Is this effect seen only on high end 1080p LCD HDTV's, or can it be achieved with any 1080p LCD HDTV's. And are the reasons why I'm not seeing the effect because I have 1) 1080i and 2) rear projection?

Thanks again.



Chunky said:


> Hi, I'm not sure if this is the correct the forum for this but I was wondering if someone can help me out with a question..
> 
> In a local Costco, I have seen a Blu-ray demo of various Movies (Harry Potter, Spiderman 3, etc) on a pretty high-end Sony 1080p LCD with 120Hz Motion flow. The picture was AMAZING. It looked almost 3d...just like looking through a window. Anyway, I was wondering if this effect is only seen on the high end HDTV's or if all 1080p HDTV's will have similar picture quality effects.
> 
> ...


----------



## ccr1958 (Aug 29, 2007)

yes i get the 3D effect on my Sony Bravia KDS-60A3000 rear
projection....i was using a 62" toshiba DLP that did not display
1080P inputs as 1080P but only 1080i....on certain movies it is 
quite noticeable....last one being "fantastic 4 rise of the silver surfer"
i rented from netflix last week...i am also using a ps3 with the 2.3
firmware


----------



## ccr1958 (Aug 29, 2007)

sorry....had to hurry past the 666 post count...


----------



## ccr1958 (Aug 29, 2007)

ccr1958 said:


> sorry....had to hurry past the 666 post count...


there...thats better


----------



## Chunky (Sep 15, 2006)

Thanks for your reply. So, just to clarify, it sounds like the reason I'm not seeing the 3d effect is not because I'm using a rear projection but probably because I'm viewing the movies in 1080i....but then again, you are using a Bravia...I wonder if a less expensive 1080p HDTV will show the 3D effect.



ccr1958 said:


> yes i get the 3D effect on my Sony Bravia KDS-60A3000 rear
> projection....i was using a 62" toshiba DLP that did not display
> 1080P inputs as 1080P but only 1080i....on certain movies it is
> quite noticeable....last one being "fantastic 4 rise of the silver surfer"
> ...


----------



## pprather (Nov 12, 2006)

Chunky said:


> Thanks for your reply. So, just to clarify, it sounds like the reason I'm not seeing the 3d effect is not because I'm using a rear projection but probably because I'm viewing the movies in 1080i....but then again, you are using a Bravia...I wonder if a less expensive 1080p HDTV will show the 3D effect.

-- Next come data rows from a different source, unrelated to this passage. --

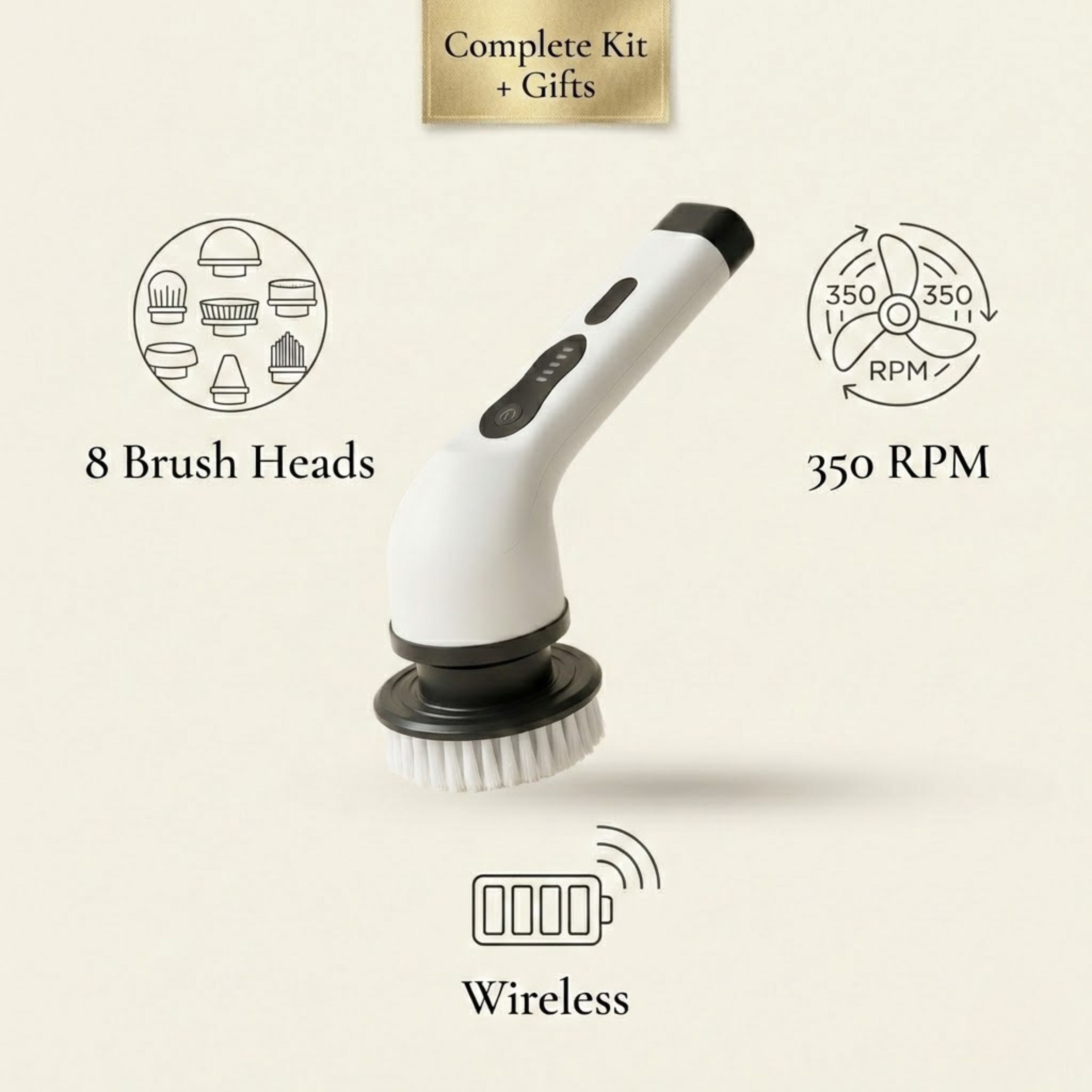 AuraBrush uses a high-torque motor that spins the brush heads up to 350 RPM, breaking down soap scum, mildew, and grime without scrubbing by hand. Just apply your cleaner, press a button, and let the motor do the heavy lifting.
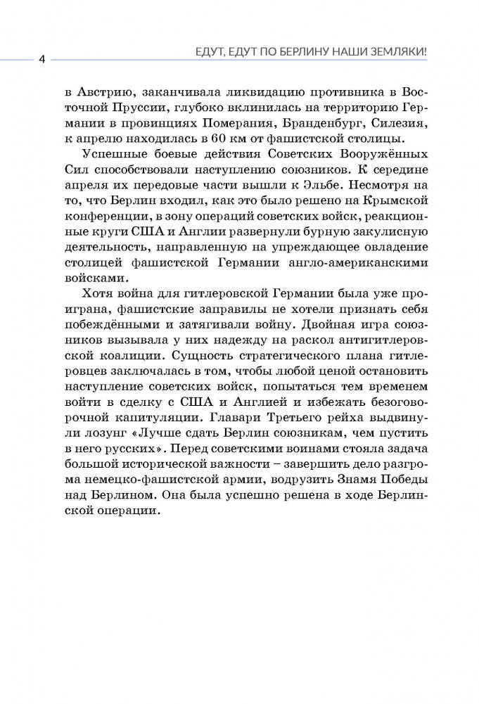 На страницах издания автор рассказывает, как в ходе Берлинской стратегической операции проявили себя белорусы, сражаясь плечом к плечу с бойцами Красной Армии многонационального Советского Союза и воинами зарубежных стран против немецко-фашистских захватчиков. На основе биографических сведений наших земляков воссоздана картина последней битвы Великой Отечественной войны.
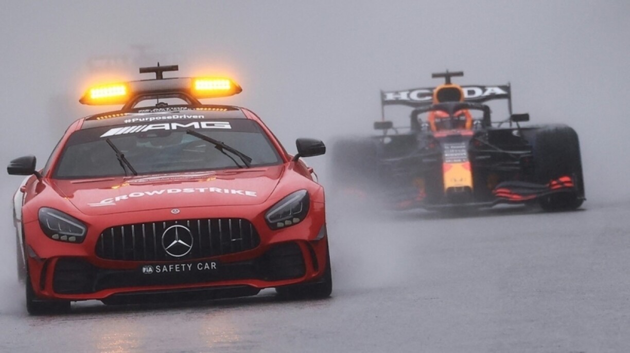 No insgesamt 3 Stonnen a 45 Minutten gouf dann decidéiert d’Course ofzebriechen an domadder gewënnt de Max Verstappen d’Course no insgesamt just 3 Ronnen hannert dem Safety Car virum George Russell an dem Lewis Hamilton.
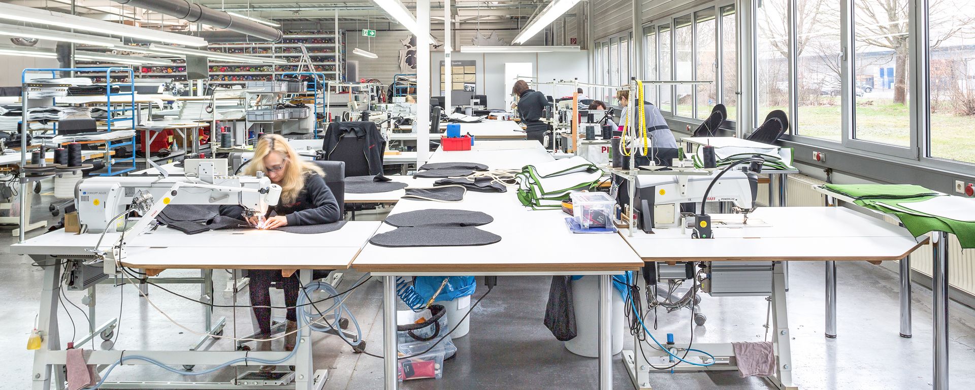 Die Fertigungsbereiche umfassen im Wesentlichen Zuschnitt, Näherei, Polsterei und Endmontage.
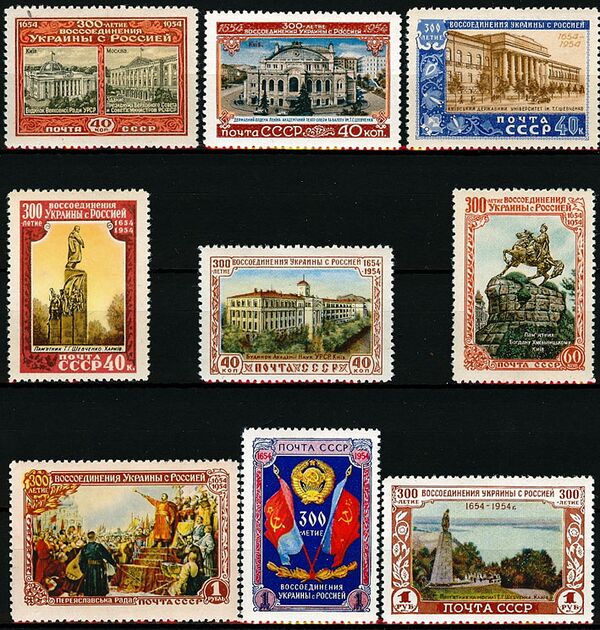 - В 1954 году Почта СССР выпустила серию марок посвящённую 300-летия воссоединения Украины с Россией.
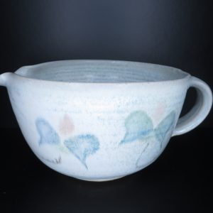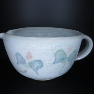 5 inches wide, 3 inches tall. Crack in the bottom left corner of the basket, buying **AS IS**

Actually the 3D effect your referring to is most likely caused by additional processing that is being added as well the 120 hz processing. When manufacturers added the 120 hz they added additional processing to give a more 3D effect to the picture. Many of these tvs allow you to turn this function off since not everyone enjoys the additional processing.


----------



## CCarncross (Jul 19, 2005)

Chunky said:


> Thanks for your reply. So, just to clarify, it sounds like the reason I'm not seeing the 3d effect is not because I'm using a rear projection but probably because I'm viewing the movies in 1080i....but then again, you are using a Bravia...I wonder if a less expensive 1080p HDTV will show the 3D effect.


Better rated tvs are going to have a better picture, thats why they are higher rated, and many times are more expensive.

Do a little shopping and see if any of the less expensive models suit your needs. I too use a Sony KDS-60A3000 set, rear projection 1080p 120Hz playing BD through a PS3 and they look almost too real at times as well.

See i f any of the info here helps you do some comparisons.

http://reviews.cnet.com/best-hdtvs-overall/

You'll notice that the above tv is the second best rated overall, so its quite a good tv.

My parents have the XBR4 model next down on that list, and its another step above the A3000, but of course it costs literally 50% more when you factor in screen size....


----------